Now I'm about the most realistic person I know. I know no one is perfect- and you never really know what anyone - or anything- is capable of. So it's entirely possible that my dog growled at my cousin. I mean he was in a new place and they probably scared each other- he wasn't expecting a Runt to come running in the garage, and she wasn't expecting a dog to be in the garage- let alone a pit bull. And even though we've had Floyd for 4 months (well it will be 4 months on the 2nd) Runt had never met him.

But I've got a pretty good handle on my dog. And on Runt. She's a good kid for the most part- but most of our family members have caught her in bold faced lies. I mean, I lied as a kid, but generally it was to save my own tail- not just to cause drama. And I have never heard Floyd growl since we've had him. Bark, burp, fart, whine, whimper, yip, yelp- yes. Growl, no. (No I don't beat my dog- he's just a baby and thinks the world is ending if I leave him outside 1 second longer than he wants to be left out- hence the whining, whimpering, yipping and yelping.)

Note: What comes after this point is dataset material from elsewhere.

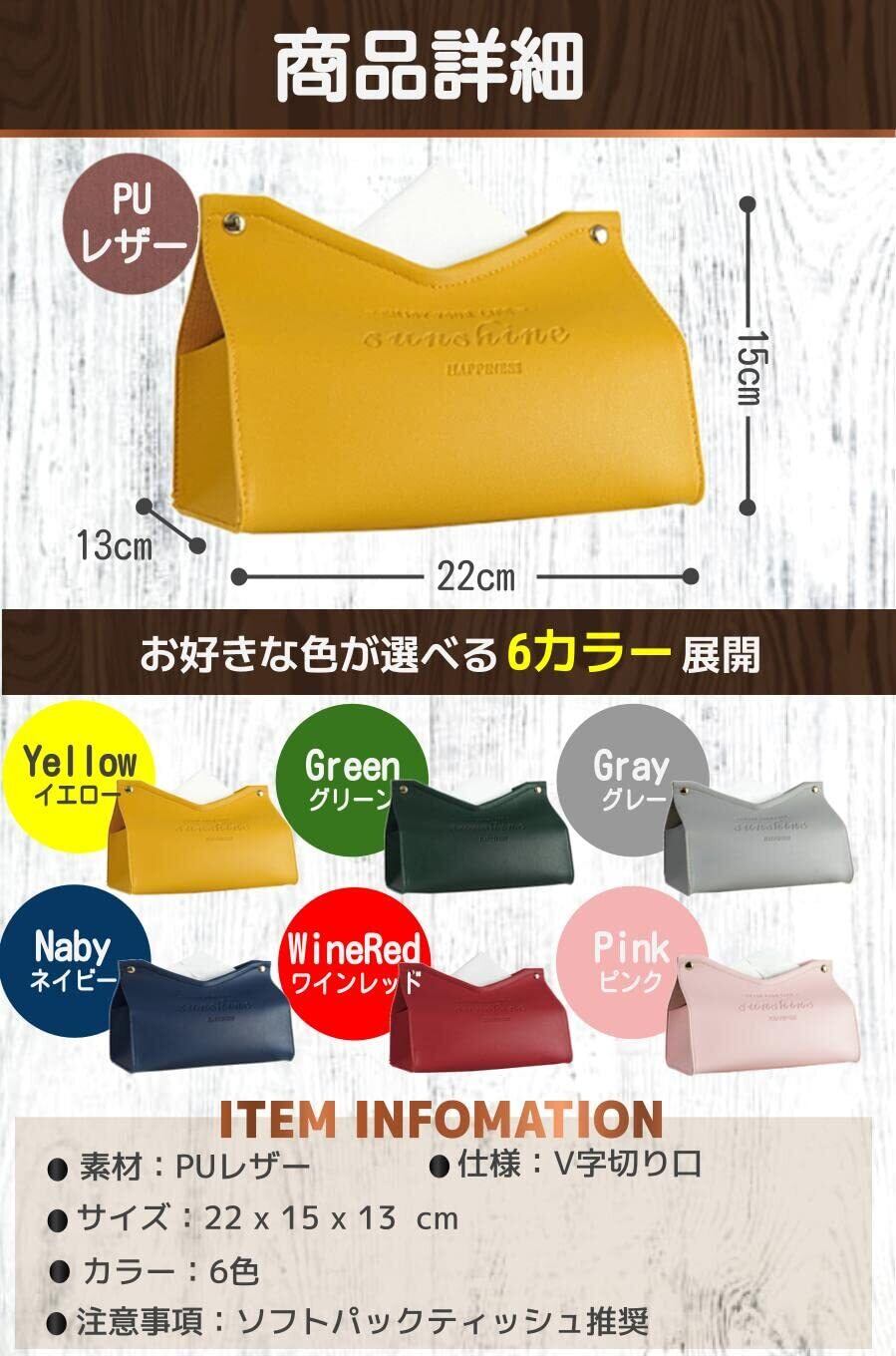 【商品詳細】素材:PUレザー/サイズ:22 x 15 x 13 cm/カラー:6色/注意事項:ソフトパックティッシュ推奨

Gram and Uncle shut Runt down pretty quick though. Gram said, "oh I don't think he would growl." And Uncle said, "this is what he did when he met me," Floyd was licking his hand. Then Runt said it. The words that ticked me off. "Well, he is a pit bull."

And you my dear are a Liar, Liar, Pants on Fire.

A few seconds after that, she was down on the floor playing with Floyd- which totally affirmed my suspicion that she had been lying. When I was 10, if a dog had growled at me I would have left it the heck alone! Not gotten on the floor to play with it. Logically I know I should take the whole thing with a grain of salt- Runt is 10, she's a notorious liar/drama queen, she had a captive audience and a ready made 'villain'. A better scene could not have been set if she asked for it.

But it still ticks me off. If he wasn't a pit, if he was a regular old mutt we'd picked up at the pound- this never would have been an issue. It never would have happened. It's the old pit bull/ evil dog stereotype.

Bro and I both do what we can to show people that Floyd is a good dog. All 50 goofy, clutzy, silly, spazy, sleepy, farty, snuggly pounds of him.